Добавить в цитаты Настройки чтения

Страница 131 из 147

Как странно! Когда знаешь, что та или иная вещь обречена на гибель, начинаешь смотреть на нее совсем иными глазами. Я всегда думал, что Вэйн — человек особенный. Но теперь, когда я знаю, что он обречен, мне начинает казаться, что на свете ничего не существует, кроме Вэйна. Все улицы протягиваются к нему, все трубы указывают на него. Вероятно, это нездоровое чувство; но Пэмп-стрит едва ли не единственная часть Лондона, которую я ощущаю физически. Повторяю, вероятно, это нездоровое чувство. Вероятно, точно такое же чувство бывает у человека со слабым сердцем. Пэмп-стрит… А сердце — это насос[20]. Я заговариваюсь.

Талантливейший из наших военачальников, вне всякого сомнения, — генерал Вилсон. Из всех правителей он единственный носит форму своих войск, хотя — надо сознаться— это изысканное средневековое одеяние несколько дисгармонирует с его рыжими бакенбардами. Генерал Вилсон — тот самый смельчак, который, сломив отчаянную оборону, ворвался прошлой ночью в Пэмп-стрит и держался в ней целых полчаса. Впоследствии ноттингхиллскому генералу Тэрнбуллу после кровопролитной схватки удалось выбить его оттуда — и то лишь благодаря наступлению жуткого мрака, имевшего неизмеримо худшие последствия для генералов Бэка и Свиндона.

Правитель Вэйн, с которым я имел чрезвычайно интересную беседу, отозвался о поведении генерала Вилсона и его солдат с величайшей похвалой. Он сказал буквально следующее: «С четырехлетнего возраста я покупаю сладости в его смешной маленькой лавке. И должен, к стыду своему, сознаться — я никогда не замечал в нем ничего особенного, кроме того, что он говорит сильно в нос и не слишком тщательно моется. И вот он двинулся на баррикаду, как дьявол из преисподней». Я повторил эти слова генералу Вилсону, внеся в них некоторые необходимые поправки, и, по-видимому, доставил ему большое удовольствие. Впрочем, самое большое удовольствие доставляет ему военная форма, и в частности меч. Из весьма достоверных источников мне сообщают, что генерал Вилсон вчера не брился. В военных кругах полагают, что он намерен отпустить усы.

Как я уже говорил, писать совершенно не о чем. В данный момент я направляюсь к почтовому ящику на углу Пембридж-роуд, чтобы опустить в него эту статью. В лагере союзников все спокойно — они, по-видимому, готовятся к длительной осаде, в продолжение которой я едва ли понадоблюсь на фронте. Впрочем, глядя на Пембридж-роуд, над которым сгущаются сумерки, я вспоминаю одну подробность, о которой стоит упомянуть.

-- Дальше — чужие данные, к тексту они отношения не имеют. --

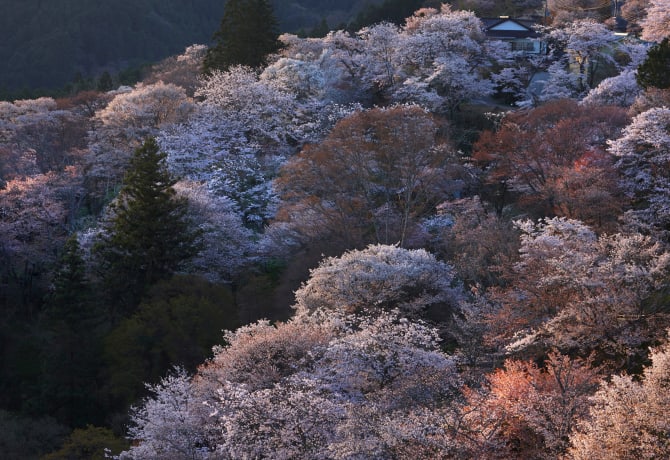El monte Yoshino , declarado Patrimonio Mundial por la UNESCO, forma parte de un extenso parque nacional en la prefectura de Nara . La zona se conoce como «Ichimoku ni senbon», que significa «el lujo de ver 1000 cerezos». Y, efectivamente, aquí hay unos 30 000. Este espectáculo se menciona constantemente en la literatura, la poesía y la música clásica japonesa, y sigue inspirando a los visitantes hasta la fecha.
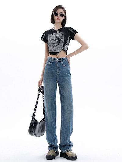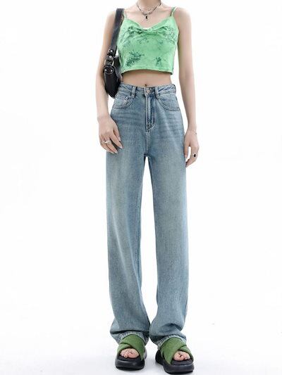 デニムボトムス ジーンズ ワイドパンツ レディースドレープ感 着痩せ ジーンズ ロングパンツ レディース服 デザイン感 ハイウェストゆったり 長ズボン ロングズボン ワイドパンツ | koookooo

Генерал Бэк, со свойственной ему остротой мышления, предложил генералу Вилсону во избежание повторения катастрофы, имевшей место во время последнего наступления на Ноттинг-Хилл (я имею в виду погасшие фонари), снабдить каждого солдата зажженным фонариком, имеющим быть повешенным на шею. Эта черта в генерале Бэке достойна восхищения. Он обладает тем свойством, которое обычно именуется «скромностью истинного ученого», иными словами, он постоянно учится на своих ошибках. Быть может, Вэйну снова удастся перехитрить его — но только уж не этим путем. Я смотрю на Пембридж-роуд — фонарики мерцают на ней, словно светлячки.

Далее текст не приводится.